▸ **EXERCISE DESCRIPTION**
The answer is the data below, repeated exactly, with no pictures included.

▸ **INPUT DATA**
----------------

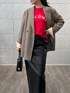 ジャケット 程よいオーバーサイズ感でリラックスした雰囲気を演出。 ロールアップした袖口のニュアンスが軽やかさをプラスし、インナーの赤とのコントラストが絶妙です。 シンプルながらも存在感があり、きちんと感とトレンドを両立できます。 トップス ビビッドなレッドのロゴ入りニットは、おしゃれの主役になる存在感ある一枚。 カラーとロゴのアクセントでトレンド感をプラス。 スカートインしなくてもスッキリ着られる丈感で、動きやすさもありカジュアルに楽しめます。 スカート タイトなラインながらハイウエストのデザインで腰回りをスタイリッシュに見せてくれます。 トップスの鮮やかな色味と質感のコントラストが絶妙なバランスで、大人の洗練されたカジュアルスタイルに仕上がります。
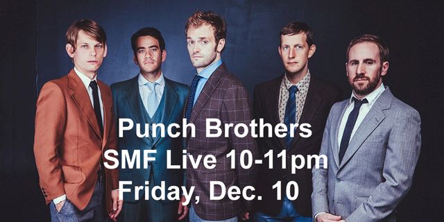 Fri. 10 pm – “SMF Live” from 10-11pm ET features the Punch Brothers who’s performance on Saturday, March 30, 2019 sold out audience at the Trustees Theater. 12/10/2021.
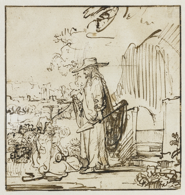 [Image: Rembrandt, Dutch, 1606–1669. Christ as a Gardener Appearing to Mary Magdalene, about 1640. Pen and brown ink, corrections with white gouache, indented for transfer. 15.4 x 14.6 cm (6 1/16 x 5 3/4 in.) Amsterdam, Rijksmuseum, Gift of Mr. and Mrs. De Bruijn–Van der Leeuw, 1949; EX.2009.1.62. Courtesy of The J. Paul Getty Museum.]

----------------

▸ **SOLUTION BELOW**
 ジャケット 程よいオーバーサイズ感でリラックスした雰囲気を演出。 ロールアップした袖口のニュアンスが軽やかさをプラスし、インナーの赤とのコントラストが絶妙です。 シンプルながらも存在感があり、きちんと感とトレンドを両立できます。 トップス ビビッドなレッドのロゴ入りニットは、おしゃれの主役になる存在感ある一枚。 カラーとロゴのアクセントでトレンド感をプラス。 スカートインしなくてもスッキリ着られる丈感で、動きやすさもありカジュアルに楽しめます。 スカート タイトなラインながらハイウエストのデザインで腰回りをスタイリッシュに見せてくれます。 トップスの鮮やかな色味と質感のコントラストが絶妙なバランスで、大人の洗練されたカジュアルスタイルに仕上がります。
 Fri. 10 pm – “SMF Live” from 10-11pm ET features the Punch Brothers who’s performance on Saturday, March 30, 2019 sold out audience at the Trustees Theater. 12/10/2021.
 [Image: Rembrandt, Dutch, 1606–1669. Christ as a Gardener Appearing to Mary Magdalene, about 1640. Pen and brown ink, corrections with white gouache, indented for transfer. 15.4 x 14.6 cm (6 1/16 x 5 3/4 in.) Amsterdam, Rijksmuseum, Gift of Mr. and Mrs. De Bruijn–Van der Leeuw, 1949; EX.2009.1.62. Courtesy of The J. Paul Getty Museum.]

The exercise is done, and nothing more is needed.